Data section:
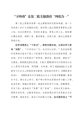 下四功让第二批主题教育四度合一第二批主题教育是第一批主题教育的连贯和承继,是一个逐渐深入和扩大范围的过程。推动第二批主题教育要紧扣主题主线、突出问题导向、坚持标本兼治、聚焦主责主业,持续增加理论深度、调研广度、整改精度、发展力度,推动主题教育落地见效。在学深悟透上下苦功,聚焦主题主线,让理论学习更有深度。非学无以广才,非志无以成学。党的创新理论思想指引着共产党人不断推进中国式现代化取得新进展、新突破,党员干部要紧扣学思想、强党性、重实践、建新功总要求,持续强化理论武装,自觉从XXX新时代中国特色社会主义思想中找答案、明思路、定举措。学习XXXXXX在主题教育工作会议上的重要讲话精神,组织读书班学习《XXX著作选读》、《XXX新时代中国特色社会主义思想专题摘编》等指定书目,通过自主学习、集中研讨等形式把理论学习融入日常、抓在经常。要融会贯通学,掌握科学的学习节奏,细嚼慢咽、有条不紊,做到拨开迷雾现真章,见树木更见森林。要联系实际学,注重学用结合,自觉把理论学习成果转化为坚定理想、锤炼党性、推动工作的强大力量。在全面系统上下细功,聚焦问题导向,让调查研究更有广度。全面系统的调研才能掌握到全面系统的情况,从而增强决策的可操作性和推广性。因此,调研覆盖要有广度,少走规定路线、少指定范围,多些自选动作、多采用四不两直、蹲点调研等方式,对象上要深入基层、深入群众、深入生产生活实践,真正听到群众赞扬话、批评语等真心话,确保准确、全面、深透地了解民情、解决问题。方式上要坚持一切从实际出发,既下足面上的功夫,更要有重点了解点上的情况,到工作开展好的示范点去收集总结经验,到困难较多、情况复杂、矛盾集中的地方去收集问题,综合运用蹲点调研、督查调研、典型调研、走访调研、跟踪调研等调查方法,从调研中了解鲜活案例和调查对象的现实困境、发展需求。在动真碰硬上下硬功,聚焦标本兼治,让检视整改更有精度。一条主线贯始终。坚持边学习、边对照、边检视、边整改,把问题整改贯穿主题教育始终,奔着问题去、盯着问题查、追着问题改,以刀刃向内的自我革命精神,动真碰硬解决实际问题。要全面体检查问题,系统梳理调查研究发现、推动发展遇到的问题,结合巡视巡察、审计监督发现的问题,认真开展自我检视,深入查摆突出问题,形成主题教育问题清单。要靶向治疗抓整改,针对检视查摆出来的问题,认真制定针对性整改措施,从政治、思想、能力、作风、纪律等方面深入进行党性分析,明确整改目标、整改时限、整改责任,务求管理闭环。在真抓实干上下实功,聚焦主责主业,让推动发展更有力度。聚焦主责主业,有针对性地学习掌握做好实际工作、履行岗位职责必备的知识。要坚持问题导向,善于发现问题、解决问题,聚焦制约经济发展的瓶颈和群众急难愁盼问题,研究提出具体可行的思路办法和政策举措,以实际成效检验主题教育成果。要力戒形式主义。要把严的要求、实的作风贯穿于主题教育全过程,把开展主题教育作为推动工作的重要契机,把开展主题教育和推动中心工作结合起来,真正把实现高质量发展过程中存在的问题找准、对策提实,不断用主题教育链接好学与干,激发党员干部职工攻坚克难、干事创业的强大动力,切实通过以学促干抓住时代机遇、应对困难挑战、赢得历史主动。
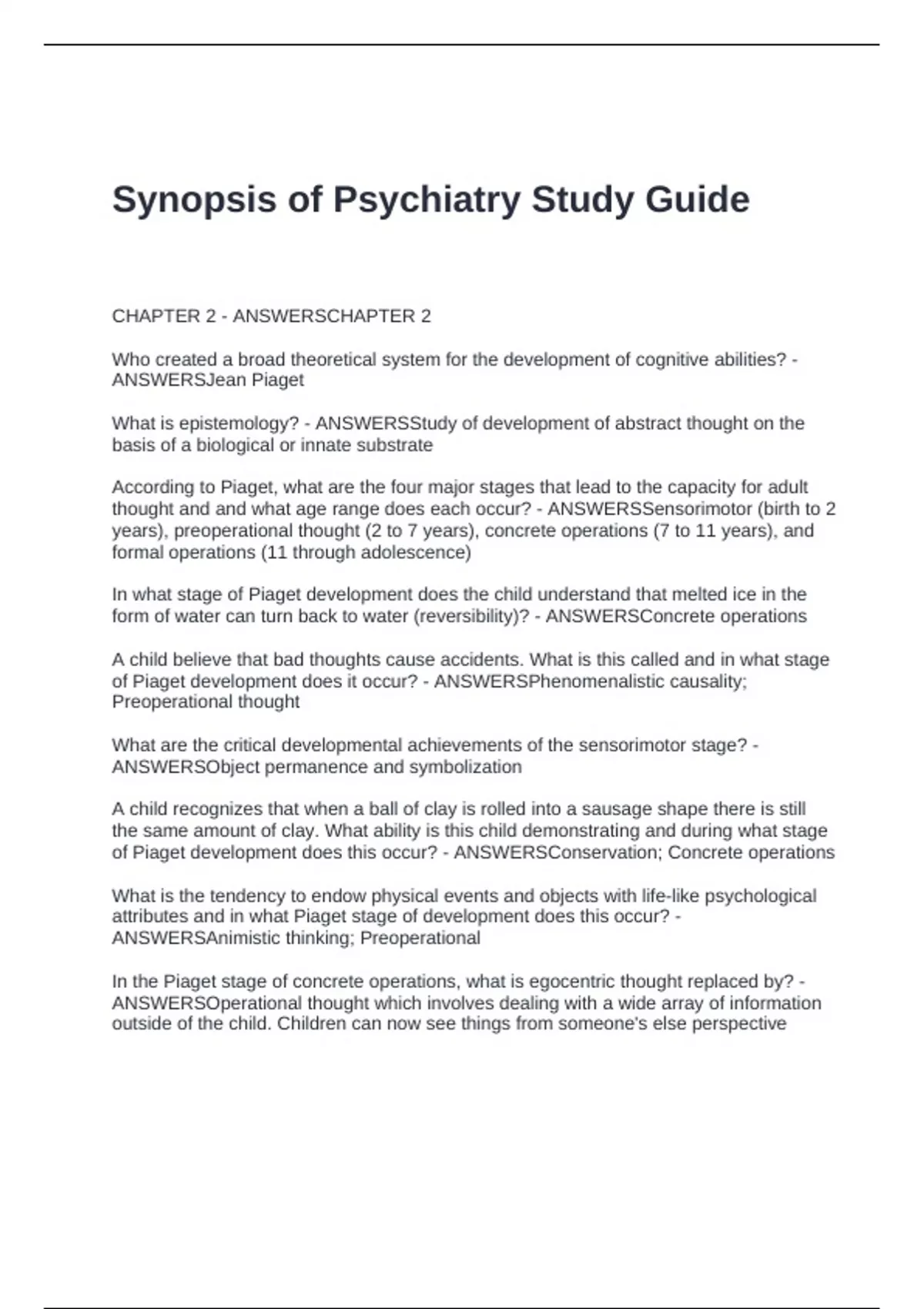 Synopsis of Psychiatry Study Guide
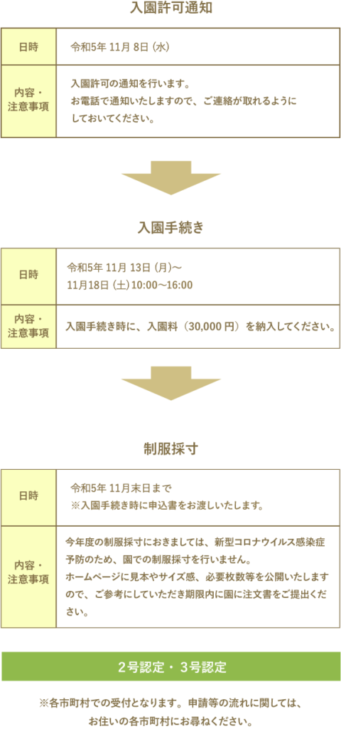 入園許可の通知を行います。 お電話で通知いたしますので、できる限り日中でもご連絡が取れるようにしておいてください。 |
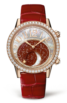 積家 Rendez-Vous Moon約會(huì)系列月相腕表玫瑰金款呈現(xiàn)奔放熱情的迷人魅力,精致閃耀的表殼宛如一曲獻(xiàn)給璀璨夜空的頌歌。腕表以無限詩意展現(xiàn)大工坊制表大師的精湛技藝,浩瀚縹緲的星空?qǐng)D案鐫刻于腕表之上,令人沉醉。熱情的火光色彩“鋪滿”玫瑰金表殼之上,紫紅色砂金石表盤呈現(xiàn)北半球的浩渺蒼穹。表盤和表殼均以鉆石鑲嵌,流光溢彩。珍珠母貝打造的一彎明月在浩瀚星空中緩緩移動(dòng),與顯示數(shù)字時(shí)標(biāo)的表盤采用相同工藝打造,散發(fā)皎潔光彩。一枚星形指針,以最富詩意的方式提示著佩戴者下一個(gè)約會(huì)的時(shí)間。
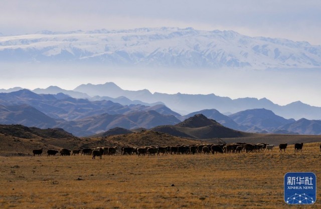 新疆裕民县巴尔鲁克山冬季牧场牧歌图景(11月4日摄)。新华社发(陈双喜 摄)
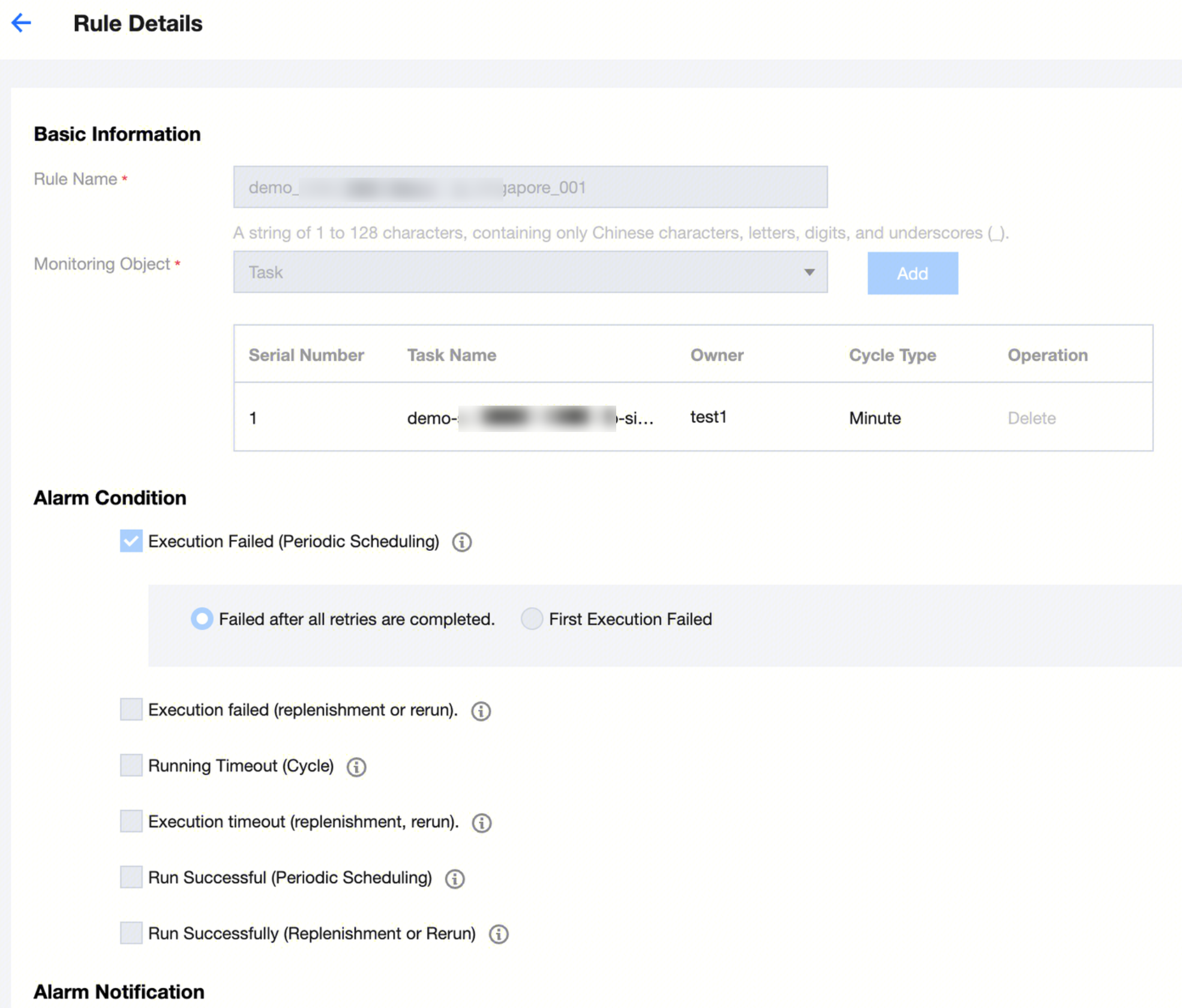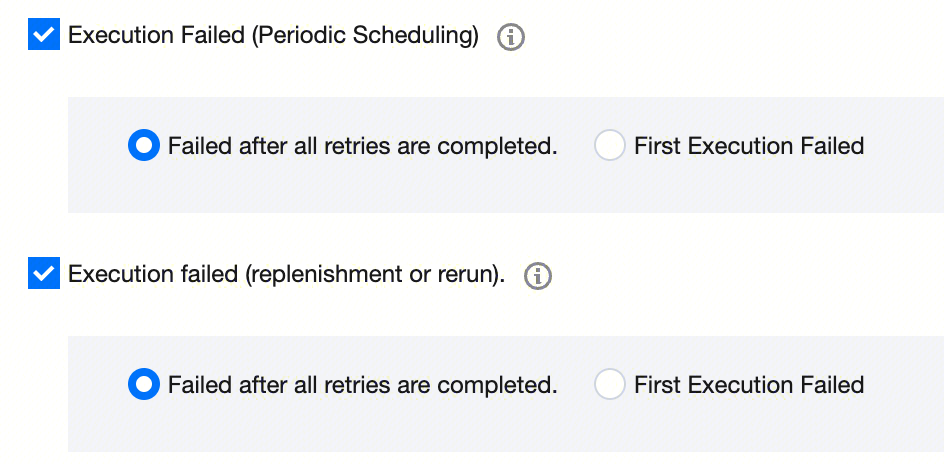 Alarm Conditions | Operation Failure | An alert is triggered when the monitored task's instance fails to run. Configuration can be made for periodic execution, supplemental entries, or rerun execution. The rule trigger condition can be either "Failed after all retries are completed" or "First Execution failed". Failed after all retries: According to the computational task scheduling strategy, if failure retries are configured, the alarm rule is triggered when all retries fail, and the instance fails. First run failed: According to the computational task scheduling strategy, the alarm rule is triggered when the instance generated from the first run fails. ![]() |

What you have to do: The required output is every line from the beginning of the material above through the line with "新疆裕民县巴尔鲁克山冬季牧场牧歌图景(11月4日摄)。新华社发(陈双喜 摄)", exact and without pictures.

Answer area:
 下四功让第二批主题教育四度合一第二批主题教育是第一批主题教育的连贯和承继,是一个逐渐深入和扩大范围的过程。推动第二批主题教育要紧扣主题主线、突出问题导向、坚持标本兼治、聚焦主责主业,持续增加理论深度、调研广度、整改精度、发展力度,推动主题教育落地见效。在学深悟透上下苦功,聚焦主题主线,让理论学习更有深度。非学无以广才,非志无以成学。党的创新理论思想指引着共产党人不断推进中国式现代化取得新进展、新突破,党员干部要紧扣学思想、强党性、重实践、建新功总要求,持续强化理论武装,自觉从XXX新时代中国特色社会主义思想中找答案、明思路、定举措。学习XXXXXX在主题教育工作会议上的重要讲话精神,组织读书班学习《XXX著作选读》、《XXX新时代中国特色社会主义思想专题摘编》等指定书目,通过自主学习、集中研讨等形式把理论学习融入日常、抓在经常。要融会贯通学,掌握科学的学习节奏,细嚼慢咽、有条不紊,做到拨开迷雾现真章,见树木更见森林。要联系实际学,注重学用结合,自觉把理论学习成果转化为坚定理想、锤炼党性、推动工作的强大力量。在全面系统上下细功,聚焦问题导向,让调查研究更有广度。全面系统的调研才能掌握到全面系统的情况,从而增强决策的可操作性和推广性。因此,调研覆盖要有广度,少走规定路线、少指定范围,多些自选动作、多采用四不两直、蹲点调研等方式,对象上要深入基层、深入群众、深入生产生活实践,真正听到群众赞扬话、批评语等真心话,确保准确、全面、深透地了解民情、解决问题。方式上要坚持一切从实际出发,既下足面上的功夫,更要有重点了解点上的情况,到工作开展好的示范点去收集总结经验,到困难较多、情况复杂、矛盾集中的地方去收集问题,综合运用蹲点调研、督查调研、典型调研、走访调研、跟踪调研等调查方法,从调研中了解鲜活案例和调查对象的现实困境、发展需求。在动真碰硬上下硬功,聚焦标本兼治,让检视整改更有精度。一条主线贯始终。坚持边学习、边对照、边检视、边整改,把问题整改贯穿主题教育始终,奔着问题去、盯着问题查、追着问题改,以刀刃向内的自我革命精神,动真碰硬解决实际问题。要全面体检查问题,系统梳理调查研究发现、推动发展遇到的问题,结合巡视巡察、审计监督发现的问题,认真开展自我检视,深入查摆突出问题,形成主题教育问题清单。要靶向治疗抓整改,针对检视查摆出来的问题,认真制定针对性整改措施,从政治、思想、能力、作风、纪律等方面深入进行党性分析,明确整改目标、整改时限、整改责任,务求管理闭环。在真抓实干上下实功,聚焦主责主业,让推动发展更有力度。聚焦主责主业,有针对性地学习掌握做好实际工作、履行岗位职责必备的知识。要坚持问题导向,善于发现问题、解决问题,聚焦制约经济发展的瓶颈和群众急难愁盼问题,研究提出具体可行的思路办法和政策举措,以实际成效检验主题教育成果。要力戒形式主义。要把严的要求、实的作风贯穿于主题教育全过程,把开展主题教育作为推动工作的重要契机,把开展主题教育和推动中心工作结合起来,真正把实现高质量发展过程中存在的问题找准、对策提实,不断用主题教育链接好学与干,激发党员干部职工攻坚克难、干事创业的强大动力,切实通过以学促干抓住时代机遇、应对困难挑战、赢得历史主动。
 Synopsis of Psychiatry Study Guide
 入園許可の通知を行います。 お電話で通知いたしますので、できる限り日中でもご連絡が取れるようにしておいてください。 |
 積家 Rendez-Vous Moon約會(huì)系列月相腕表玫瑰金款呈現(xiàn)奔放熱情的迷人魅力,精致閃耀的表殼宛如一曲獻(xiàn)給璀璨夜空的頌歌。腕表以無限詩意展現(xiàn)大工坊制表大師的精湛技藝,浩瀚縹緲的星空?qǐng)D案鐫刻于腕表之上,令人沉醉。熱情的火光色彩“鋪滿”玫瑰金表殼之上,紫紅色砂金石表盤呈現(xiàn)北半球的浩渺蒼穹。表盤和表殼均以鉆石鑲嵌,流光溢彩。珍珠母貝打造的一彎明月在浩瀚星空中緩緩移動(dòng),與顯示數(shù)字時(shí)標(biāo)的表盤采用相同工藝打造,散發(fā)皎潔光彩。一枚星形指針,以最富詩意的方式提示著佩戴者下一個(gè)約會(huì)的時(shí)間。
 新疆裕民县巴尔鲁克山冬季牧场牧歌图景(11月4日摄)。新华社发(陈双喜 摄)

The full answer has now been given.